* Your objective:
Omit all pictures. Reproduce exactly the lines from the first line of the records below through the line with "小记者们随着讲解员——围头村".
[Provided information — start]
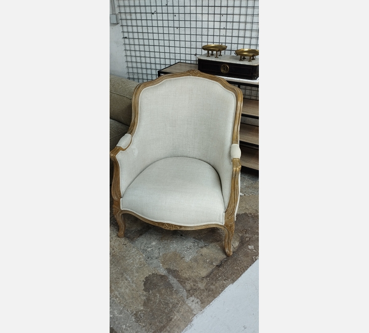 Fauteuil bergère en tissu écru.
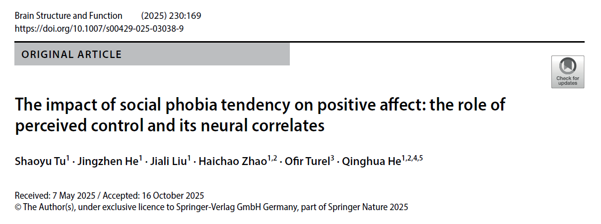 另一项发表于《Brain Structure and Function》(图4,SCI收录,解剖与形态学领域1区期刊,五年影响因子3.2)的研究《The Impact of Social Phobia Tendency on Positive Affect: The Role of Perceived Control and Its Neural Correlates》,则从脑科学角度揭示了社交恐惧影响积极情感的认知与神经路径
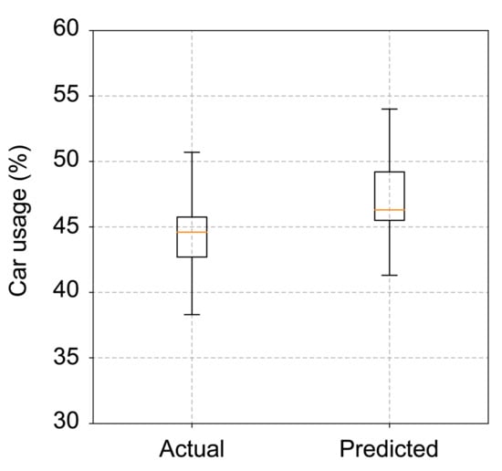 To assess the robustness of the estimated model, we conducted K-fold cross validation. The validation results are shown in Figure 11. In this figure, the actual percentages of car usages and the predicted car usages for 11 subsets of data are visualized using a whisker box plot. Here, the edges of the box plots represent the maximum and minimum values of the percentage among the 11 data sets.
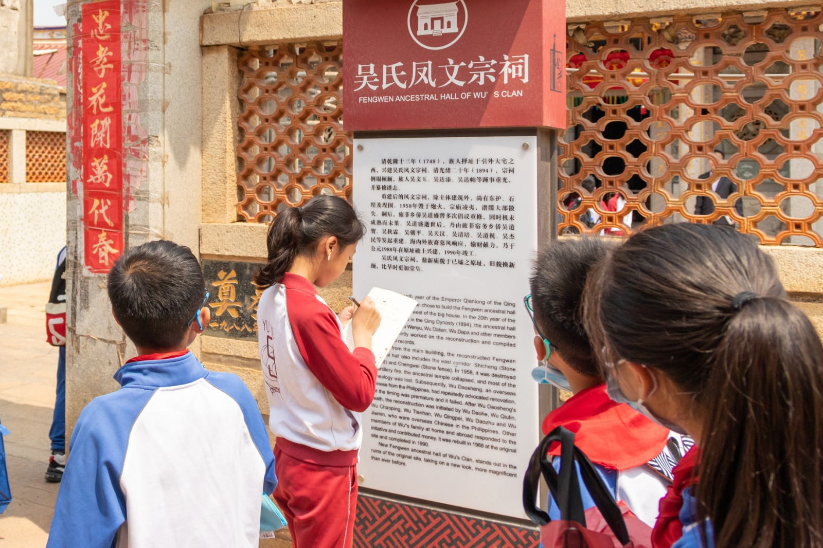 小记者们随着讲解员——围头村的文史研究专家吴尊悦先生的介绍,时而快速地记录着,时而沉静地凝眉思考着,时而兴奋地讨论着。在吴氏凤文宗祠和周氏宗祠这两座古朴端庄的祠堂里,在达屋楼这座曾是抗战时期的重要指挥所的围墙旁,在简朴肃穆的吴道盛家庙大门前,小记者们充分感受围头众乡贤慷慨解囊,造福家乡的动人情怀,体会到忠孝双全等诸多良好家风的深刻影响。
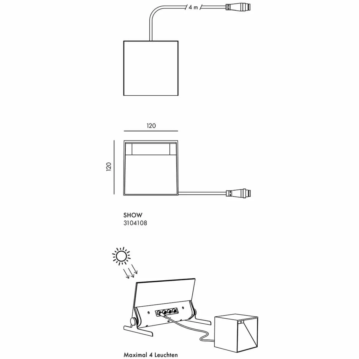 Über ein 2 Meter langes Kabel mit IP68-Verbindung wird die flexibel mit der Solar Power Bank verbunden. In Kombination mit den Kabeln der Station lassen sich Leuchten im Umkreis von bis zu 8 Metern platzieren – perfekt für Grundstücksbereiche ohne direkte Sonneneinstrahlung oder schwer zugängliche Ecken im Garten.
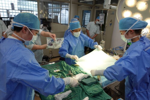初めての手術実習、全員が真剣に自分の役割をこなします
[Provided information — finish]
* Solution:
 Fauteuil bergère en tissu écru.
 另一项发表于《Brain Structure and Function》(图4,SCI收录,解剖与形态学领域1区期刊,五年影响因子3.2)的研究《The Impact of Social Phobia Tendency on Positive Affect: The Role of Perceived Control and Its Neural Correlates》,则从脑科学角度揭示了社交恐惧影响积极情感的认知与神经路径
 To assess the robustness of the estimated model, we conducted K-fold cross validation. The validation results are shown in Figure 11. In this figure, the actual percentages of car usages and the predicted car usages for 11 subsets of data are visualized using a whisker box plot. Here, the edges of the box plots represent the maximum and minimum values of the percentage among the 11 data sets.
 小记者们随着讲解员——围头村的文史研究专家吴尊悦先生的介绍,时而快速地记录着,时而沉静地凝眉思考着,时而兴奋地讨论着。在吴氏凤文宗祠和周氏宗祠这两座古朴端庄的祠堂里,在达屋楼这座曾是抗战时期的重要指挥所的围墙旁,在简朴肃穆的吴道盛家庙大门前,小记者们充分感受围头众乡贤慷慨解囊,造福家乡的动人情怀,体会到忠孝双全等诸多良好家风的深刻影响。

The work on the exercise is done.